Je m’attendais à des plaisanteries ou à des négations de la part de Célio. Il ne me répondit rien, changea de vêtements, et m’emmena déjeuner. Chemin faisant, il me dit brusquement : — Vous avez parfaitement raison, elle est plus belle qu’aucune femme au monde. Seulement j’avais la mauvaise honte de le nier, parce que je croyais être le seul à m’en apercevoir.

— Vous parlez comme un possesseur, Célio, comme un amant.
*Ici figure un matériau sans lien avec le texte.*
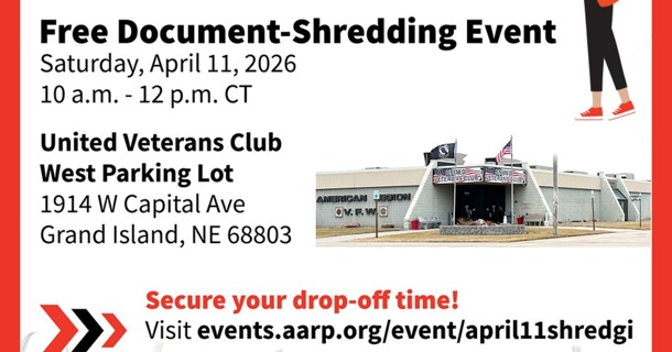 “Safely disposing of unwanted, sensitive documents is an important step in protecting your identity from bad actors,” shared Jess Kinser, AARP Nebraska’s Associate State Director of Communications. “As part of AARP’s Fraud Prevention Awareness Month, we’re proud to join communities across the country in hosting local fraud‑prevention blitzes. We’re excited to bring this free document‑shredding event to the Grand Island community and honored to volunteer alongside Nebraska’s veterans, service members, and their families in the fight against fraud.”

— Moi ! s’écria-t-il en tournant son visage vers le mien avec assurance, je ne le suis pas, je ne l’ai jamais été, et je ne le serai jamais !

— D’où vient que vous ne désirez pas l’être ?

— De ce que je la respecte et veux l’aimer toujours, de ce qu’elle a été la protégée de ma mère qui l’estimait, de ce qu’elle est, après moi (et peut-être autant que moi), le cœur qui a le mieux compris, le mieux aimé, le mieux pleuré ma mère. Oh ! ma vieille Cécilia, jamais ! c’est une tête sacrée, et c’est la seule tête portant un bonnet sur laquelle je ne voudrais pas mettre le pied.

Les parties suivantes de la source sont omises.